At launch the system handles opening, closing, and switching apps; tapping UI elements; scrolling within apps; returning to the home screen; and chaining multi-step instructions. Text entry, home-screen page swiping, pinch-to-zoom, multi-finger gestures, and anything behind the lock screen or Control Center are all out of scope. Those limits aren't arbitrary — iOS sandboxing blocks the ADB-based shortcuts that Android-targeting frameworks like Tencent Research's AppAgent rely on, and programmatic text entry on iOS is substantially harder than on Android or desktop.
That leaves iPad Playground doing something none of the major players have shipped: a publicly accessible, live, hardware-in-the-loop demo on real iPadOS. Anthropic's Computer Use API, still in beta as of early 2026, targets desktop Linux.
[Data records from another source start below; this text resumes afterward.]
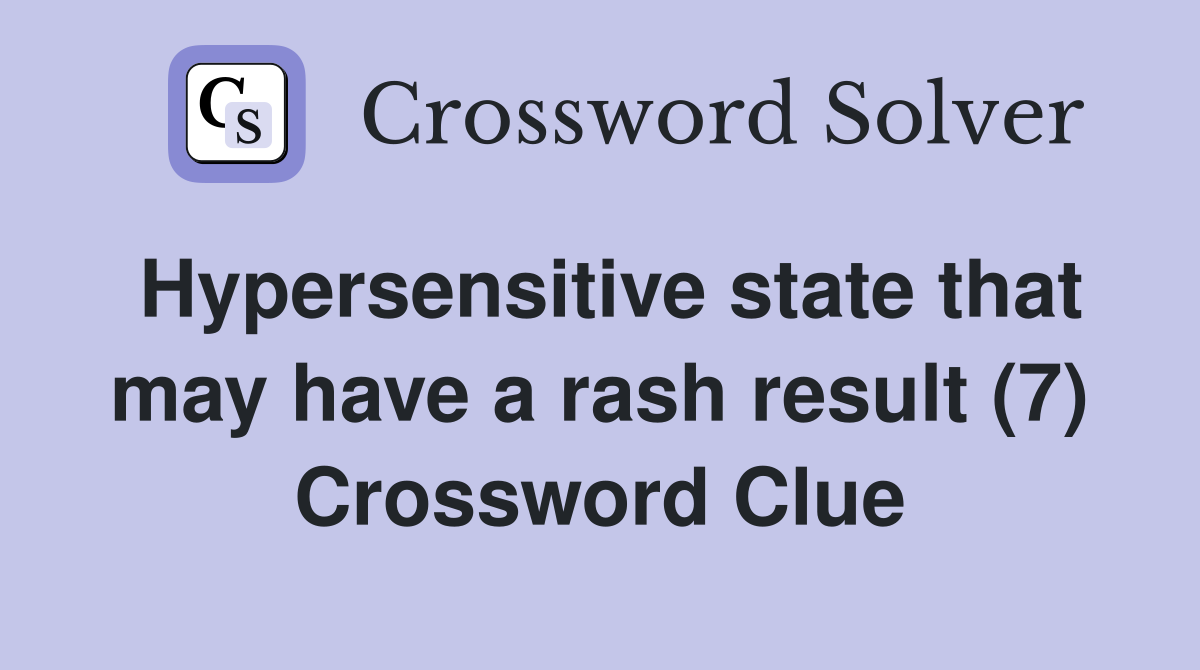 Hypersensitive state that may have a rash result (7) Crossword Clue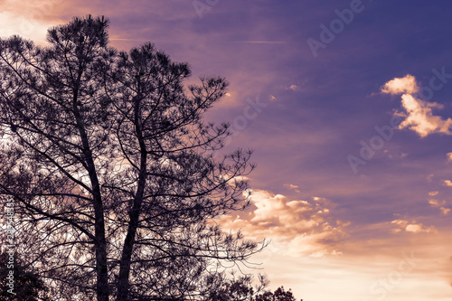 Fototapeta premium Ocaso en el pinar del Concejo en Cadalso de los Vidrios. Madrid. España. Europa.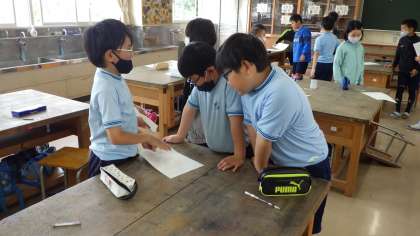 制作前に、自分で計画を立て、友達に助言を受け、表現したいものについて見通しを立てました。活発な交流を行ったおかげで、作りたいもののイメージがはっきりとし、集中して取り組んでいました。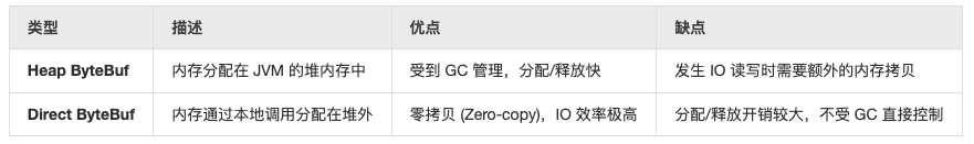 Netty 根据使用场景,提供了两种主要的内存实现: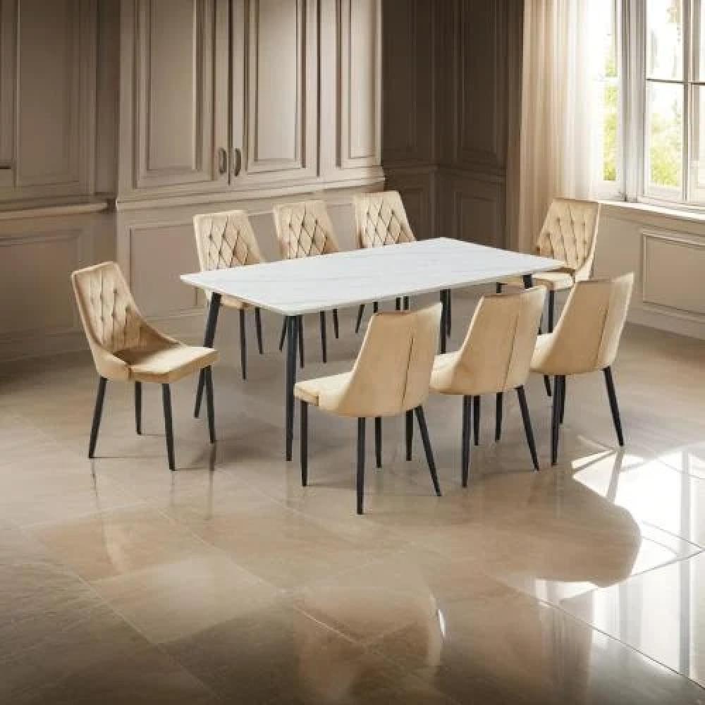 - بديل الرخام مقاوم للخدوش والرطوبة، مما يجعل الطاولة متينة وسهلة الصيانة.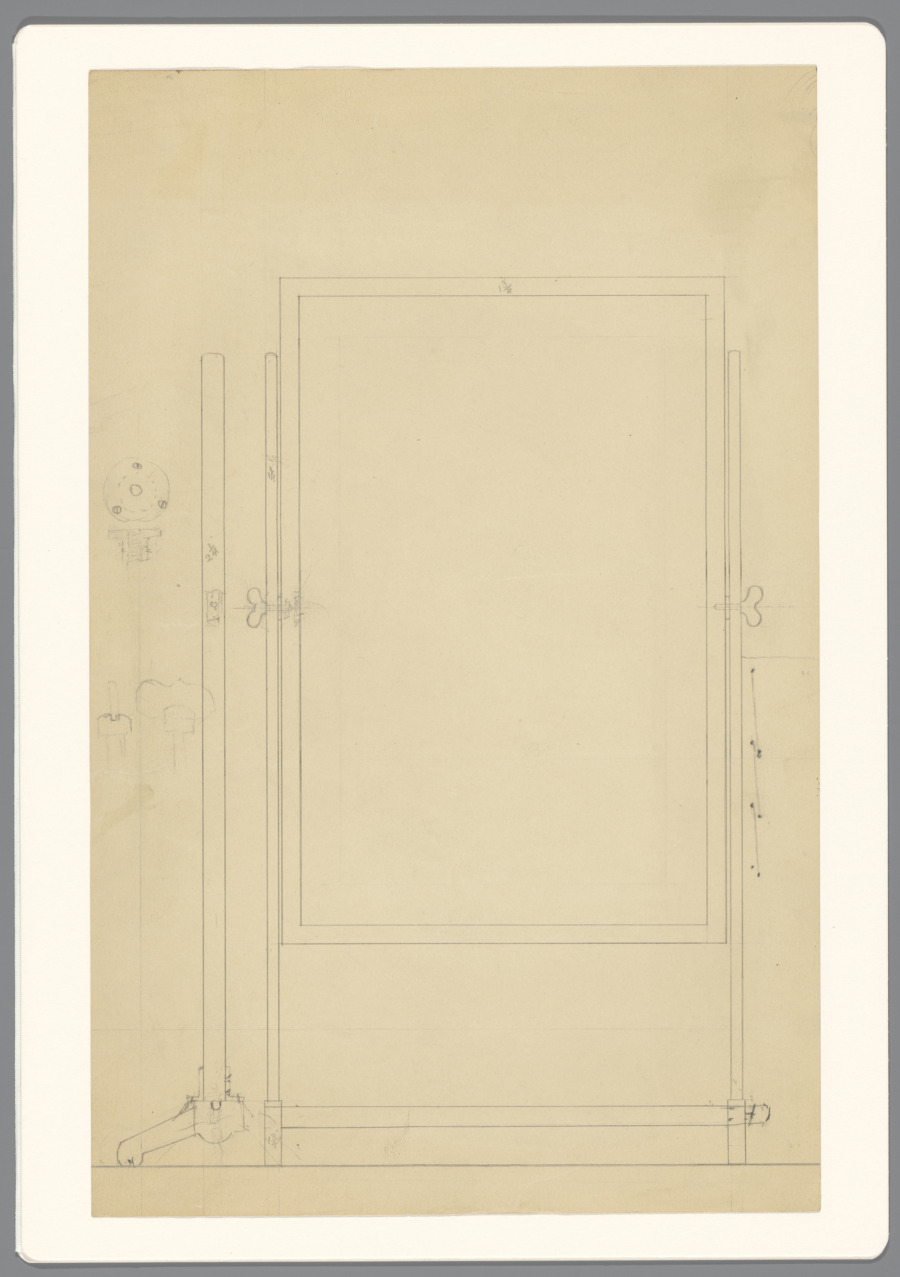 Ontwerp voor een verstelbare standaard, twee aanzich...

AppAgent runs on Android. Benchmarks like OSWorld and AITW both skew toward desktop and Android. Kidane built the first internet-facing iOS GUI agent demo, and he's running it continuously against arbitrary commands from anonymous strangers — less forgiving than any controlled evaluation suite.
The benchmark numbers sharpen what iPad Playground actually shows. Anthropic's published figures put Claude 3.5 Sonnet at 14.9% on OSWorld tasks against a human baseline of roughly 72%. iPad Playground's capability profile — reliable single-tap navigation and multi-step app switching, but not text entry or complex gestures — maps to a similar ceiling on mobile. The demo doesn't close that gap. It makes it visible, on real hardware, to anyone who wants a turn.